Lend a Sympathetic, Non-judgmental Ear
Lending a non-judgmental ear is crucial in breaking the isolation associated with abuse. Letting your friend know you care and will not judge anything she shares with you may be the best help you can offer. Without forcing the issue, let her know you are willing to listen when she is ready to confide in you. Never underestimate her fear of potential danger and remember to focus on your friend’s right to make her own choices. Tell her you are there when she needs you, and provide whatever help you can: transportation, child care, taking care of a pet, etc. Make sure you access community supports and have information available for your friend if she needs it.
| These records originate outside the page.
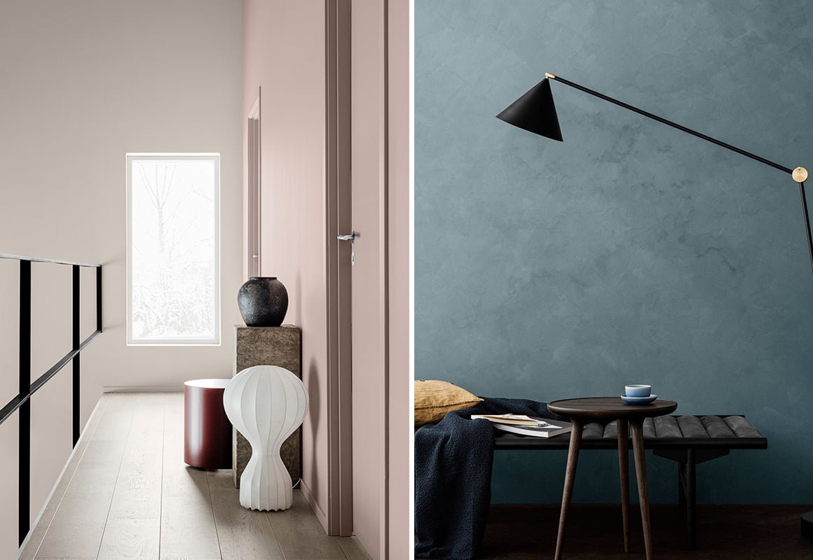 TIL VENSTRE er dør og lister malt i samme nyanse som veggen, 20054 sSilky Pink. Til høyre ser du Lady Minerals i 5044 Icy Blue. (Foto: Line Klein/Jotun A/S / Lady)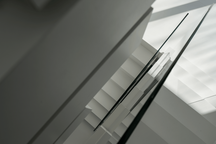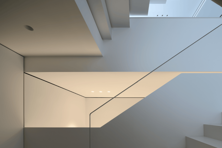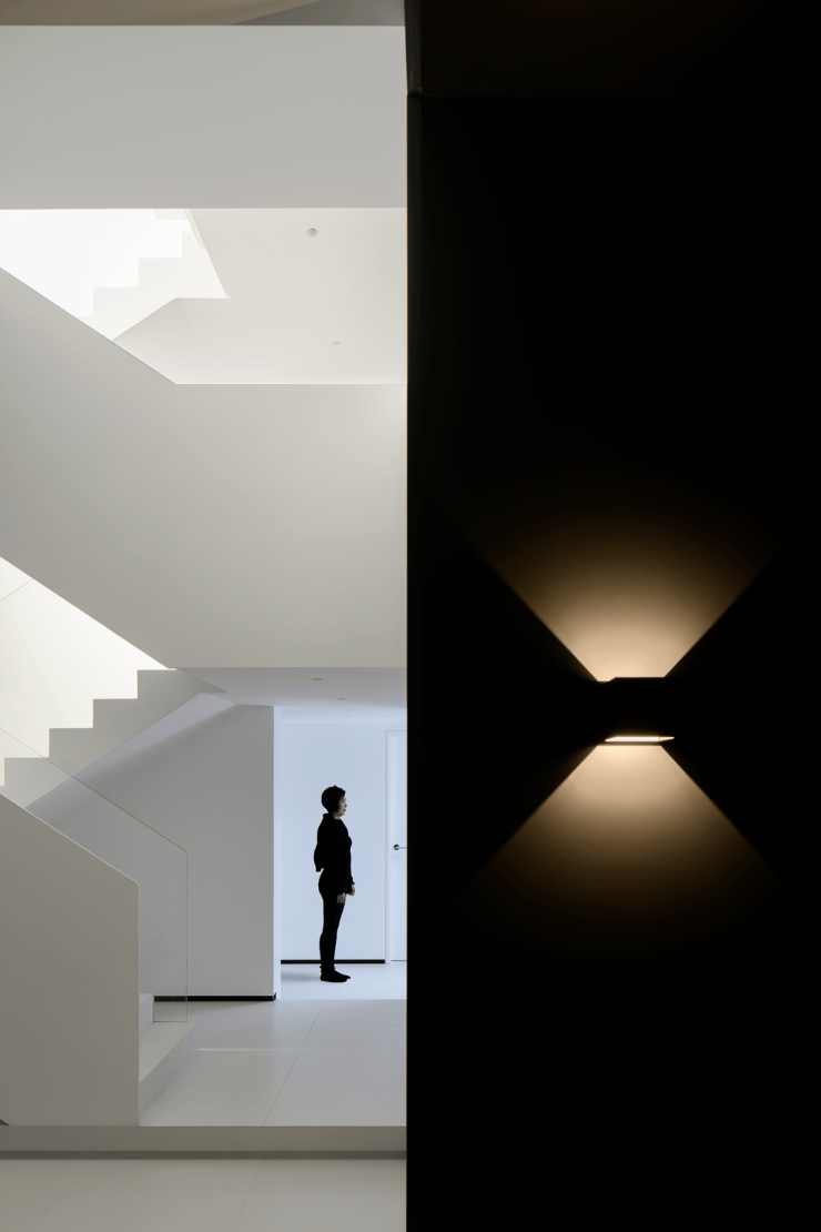 楼梯选用了纯白色,光是唯一的装饰品,在寻常中展现着空间最为纯粹的美。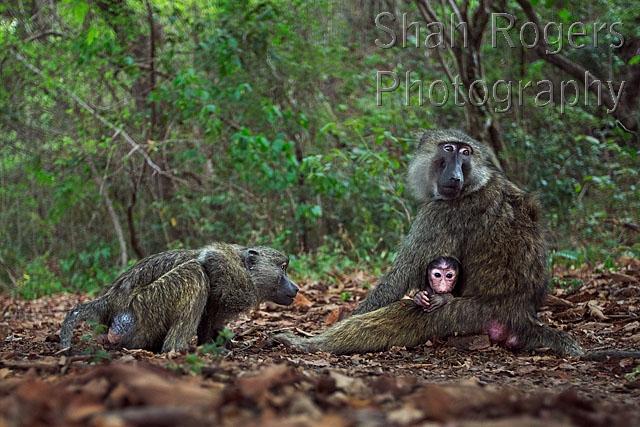 Olive baboon females and baby aged about 3 months sitting on the forest floor(Papio anubis). Gombe National Park, Tanzania. September 2014.

Direct your Friend to Community Services
Once your friend asks for your help, share the information you’ve collected. Encourage her to contact a violence-against-women hotline or women’s shelter. Let her know that she is not alone and that caring people are available to help. Reassure her that any information she shares with these services will be kept strictly confidential.
Focus on your Friend’s Strengths
Many abuse victims live with emotional as well as physical abuse. Without any positive reinforcement from outside their home, she may begin to believe that she is deserving of the treatment she is getting. Give your friend the emotional support she needs to believe she is a good person. Remind her that violence can happen to anyone and it is not her fault. Violence is always unacceptable. Emphasize that she deserves a life free from violence.
Help Develop a Safety Plan
Help your friend think through the action steps she will take to protect herself and her children should the abuser return while she is in the process of fleeing. Suggest she contact the Woman Abuse Hotline of a women’s shelter to develop a safety plan for escape. Suggest she gather as many personal documents such as birth certificates, social insurance cards, immigration papers etc. It is also important to suggest that she take or make a copy of her deed, rental agreement or lease.
When to Intervene
Call 9-1-1 immediately if there is an immediate danger to a person, or if you have a reasonable suspicion that a violent incident is occurring. It cannot be overemphasized that domestic violence is a crime that can result in serious injury and even death.